Working data:
++++
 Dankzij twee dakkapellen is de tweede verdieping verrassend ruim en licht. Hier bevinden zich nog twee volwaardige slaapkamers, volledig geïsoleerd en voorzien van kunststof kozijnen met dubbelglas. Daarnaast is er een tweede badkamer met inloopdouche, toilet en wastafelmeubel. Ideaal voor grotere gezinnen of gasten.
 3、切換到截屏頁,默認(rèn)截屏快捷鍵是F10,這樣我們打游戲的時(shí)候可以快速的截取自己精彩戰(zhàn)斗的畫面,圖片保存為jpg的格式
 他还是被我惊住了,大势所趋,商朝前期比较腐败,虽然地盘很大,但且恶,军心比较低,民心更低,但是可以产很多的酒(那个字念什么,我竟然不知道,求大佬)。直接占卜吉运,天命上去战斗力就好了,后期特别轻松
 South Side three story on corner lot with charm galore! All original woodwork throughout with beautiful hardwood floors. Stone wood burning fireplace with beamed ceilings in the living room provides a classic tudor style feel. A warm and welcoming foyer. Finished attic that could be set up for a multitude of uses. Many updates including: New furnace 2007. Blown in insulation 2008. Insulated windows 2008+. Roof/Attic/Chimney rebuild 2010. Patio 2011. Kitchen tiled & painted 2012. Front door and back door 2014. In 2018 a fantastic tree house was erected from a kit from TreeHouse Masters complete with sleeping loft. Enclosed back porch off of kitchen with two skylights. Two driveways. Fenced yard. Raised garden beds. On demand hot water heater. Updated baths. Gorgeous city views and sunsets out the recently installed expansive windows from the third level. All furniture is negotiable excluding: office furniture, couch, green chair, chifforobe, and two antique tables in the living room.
++++
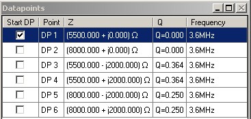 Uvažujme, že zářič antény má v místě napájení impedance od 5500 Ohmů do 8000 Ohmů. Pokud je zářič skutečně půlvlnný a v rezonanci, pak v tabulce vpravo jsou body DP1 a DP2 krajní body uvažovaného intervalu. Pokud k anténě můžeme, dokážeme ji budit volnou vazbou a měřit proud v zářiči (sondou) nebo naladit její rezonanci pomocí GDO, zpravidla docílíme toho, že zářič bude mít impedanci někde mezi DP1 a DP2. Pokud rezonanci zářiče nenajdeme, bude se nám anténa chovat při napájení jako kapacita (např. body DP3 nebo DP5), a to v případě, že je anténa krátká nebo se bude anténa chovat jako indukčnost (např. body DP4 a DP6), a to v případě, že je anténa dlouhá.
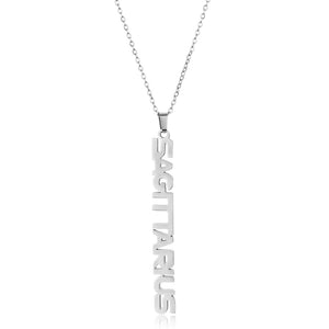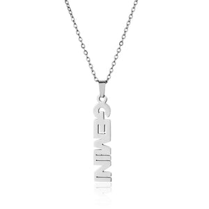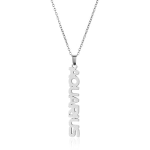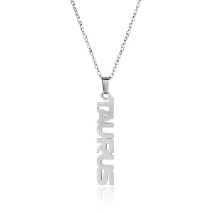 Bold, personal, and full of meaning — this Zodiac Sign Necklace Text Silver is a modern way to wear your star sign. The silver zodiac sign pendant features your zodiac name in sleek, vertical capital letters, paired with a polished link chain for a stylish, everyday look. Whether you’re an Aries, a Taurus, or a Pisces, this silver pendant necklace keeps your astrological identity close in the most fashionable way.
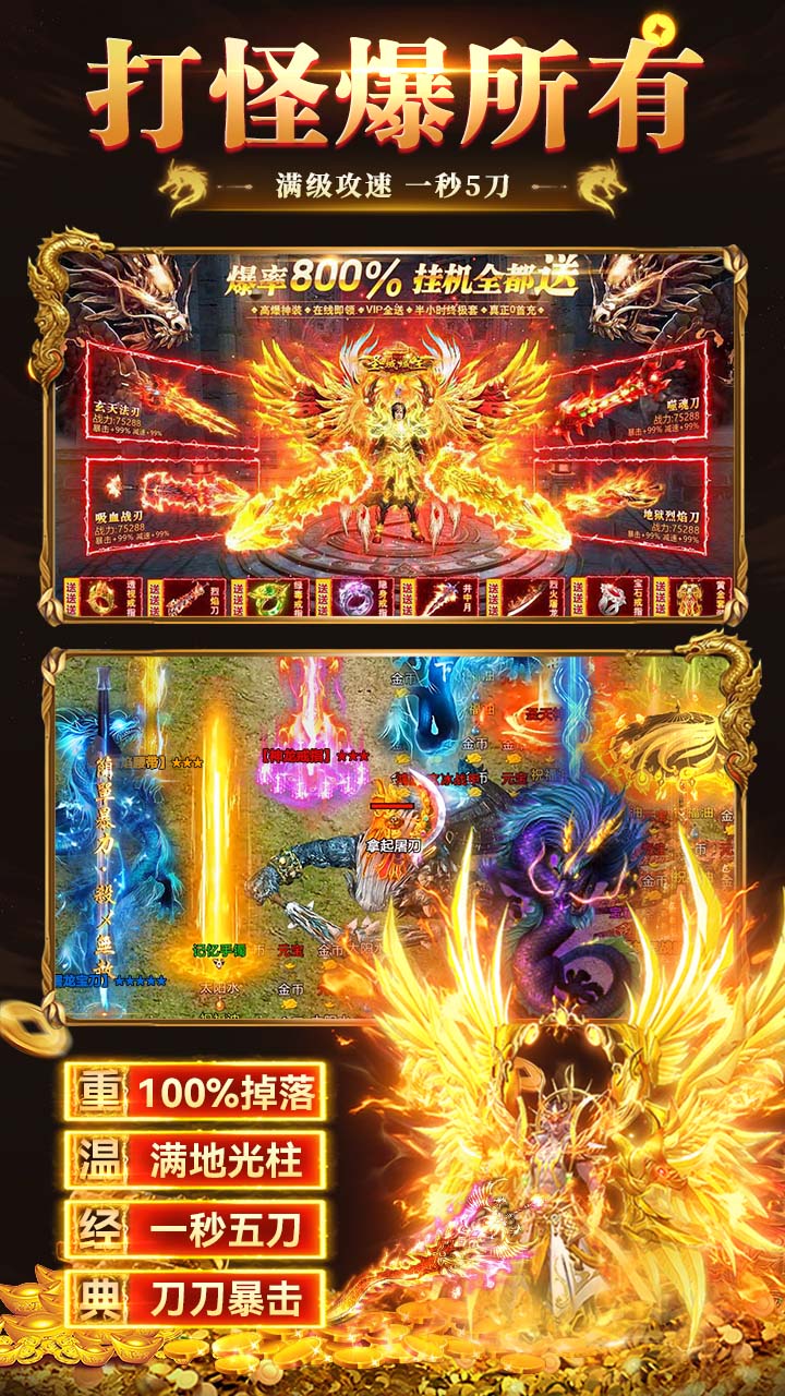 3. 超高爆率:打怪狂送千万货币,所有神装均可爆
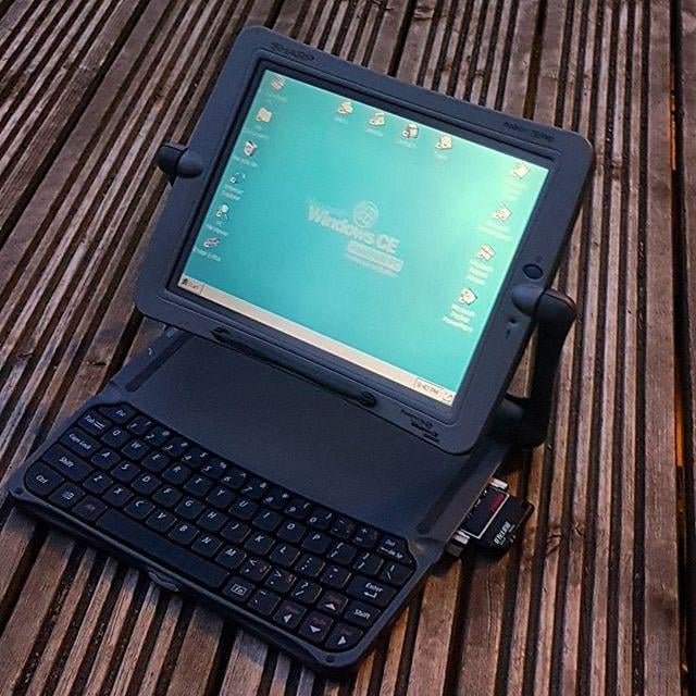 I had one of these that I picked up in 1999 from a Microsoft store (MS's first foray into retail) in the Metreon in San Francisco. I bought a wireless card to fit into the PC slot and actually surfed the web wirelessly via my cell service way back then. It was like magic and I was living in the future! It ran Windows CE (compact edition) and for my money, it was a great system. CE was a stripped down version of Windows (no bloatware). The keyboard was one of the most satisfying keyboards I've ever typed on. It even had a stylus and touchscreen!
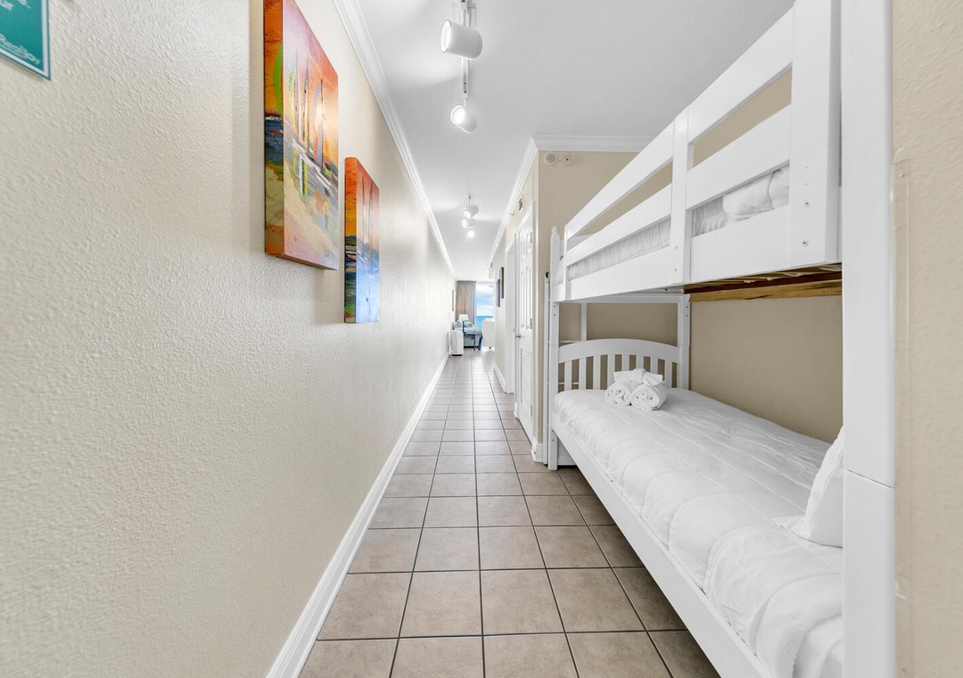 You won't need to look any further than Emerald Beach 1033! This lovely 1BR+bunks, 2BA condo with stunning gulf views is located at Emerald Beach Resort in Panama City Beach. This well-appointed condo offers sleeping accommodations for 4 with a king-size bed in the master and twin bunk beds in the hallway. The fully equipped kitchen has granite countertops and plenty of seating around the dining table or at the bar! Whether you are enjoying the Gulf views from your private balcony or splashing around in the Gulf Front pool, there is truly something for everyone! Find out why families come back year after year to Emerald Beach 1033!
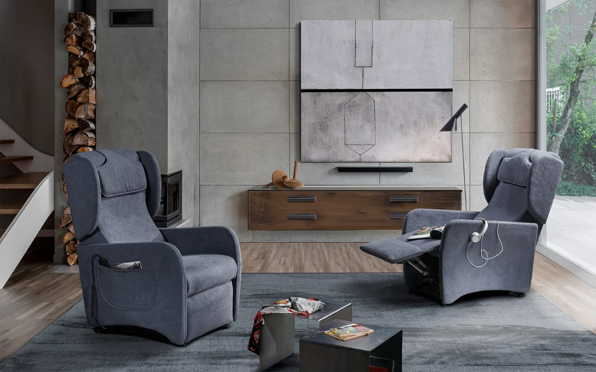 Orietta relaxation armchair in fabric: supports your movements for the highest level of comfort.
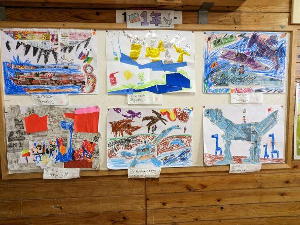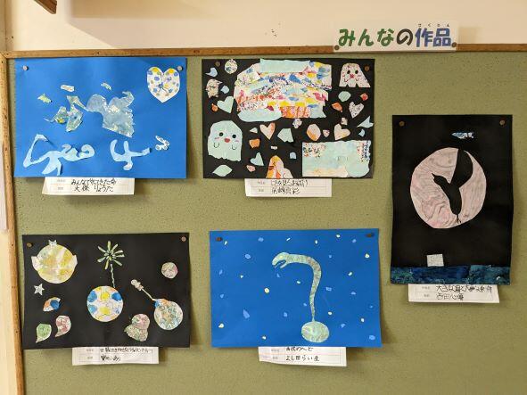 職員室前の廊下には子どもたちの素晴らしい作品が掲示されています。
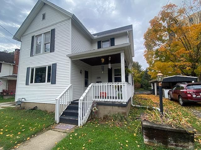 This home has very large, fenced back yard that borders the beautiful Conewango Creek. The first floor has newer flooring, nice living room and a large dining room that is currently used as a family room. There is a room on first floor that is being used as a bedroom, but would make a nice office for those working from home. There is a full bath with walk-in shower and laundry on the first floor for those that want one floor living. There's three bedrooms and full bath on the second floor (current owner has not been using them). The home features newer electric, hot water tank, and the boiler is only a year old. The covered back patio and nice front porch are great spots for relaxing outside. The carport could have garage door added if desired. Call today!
++++
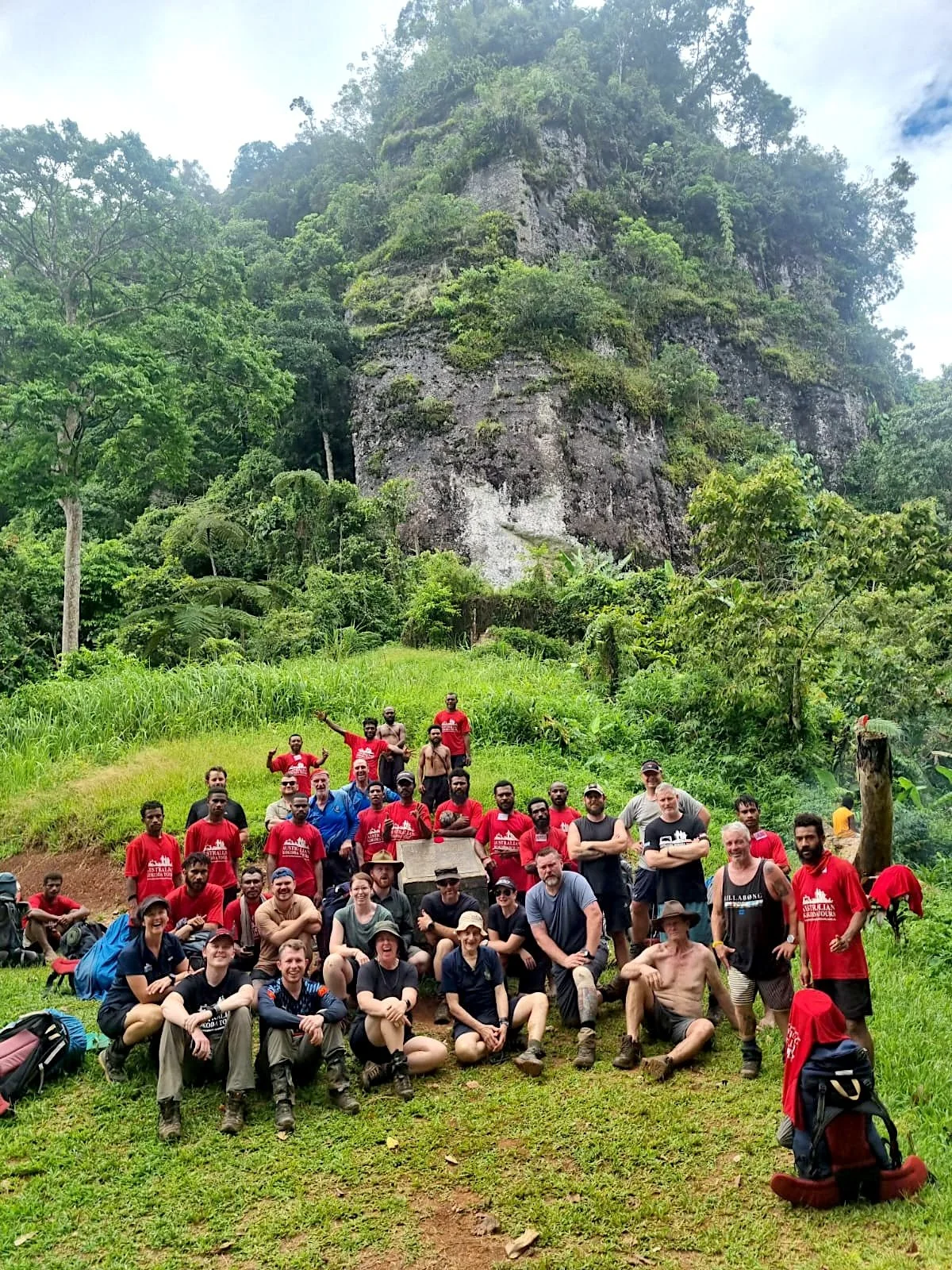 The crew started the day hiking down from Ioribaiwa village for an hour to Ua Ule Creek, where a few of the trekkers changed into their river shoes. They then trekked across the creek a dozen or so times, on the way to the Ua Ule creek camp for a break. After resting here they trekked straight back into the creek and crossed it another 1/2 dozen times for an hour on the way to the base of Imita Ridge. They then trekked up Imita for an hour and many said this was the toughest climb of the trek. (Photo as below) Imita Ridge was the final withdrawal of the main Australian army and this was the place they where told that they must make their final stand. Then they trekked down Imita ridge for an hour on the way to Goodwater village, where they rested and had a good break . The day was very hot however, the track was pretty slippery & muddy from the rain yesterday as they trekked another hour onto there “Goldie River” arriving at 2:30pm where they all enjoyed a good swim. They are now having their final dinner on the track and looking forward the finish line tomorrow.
++++
What the task requires: Taking the entries above, write out exactly the lines starting with the line containing "3、切換到截屏頁,默認(rè" and going on through the line containing "他还是被我惊住了,大势所趋,商朝前期比较", both included, and nothing else.

Written response:
 3、切換到截屏頁,默認(rèn)截屏快捷鍵是F10,這樣我們打游戲的時(shí)候可以快速的截取自己精彩戰(zhàn)斗的畫面,圖片保存為jpg的格式
 他还是被我惊住了,大势所趋,商朝前期比较腐败,虽然地盘很大,但且恶,军心比较低,民心更低,但是可以产很多的酒(那个字念什么,我竟然不知道,求大佬)。直接占卜吉运,天命上去战斗力就好了,后期特别轻松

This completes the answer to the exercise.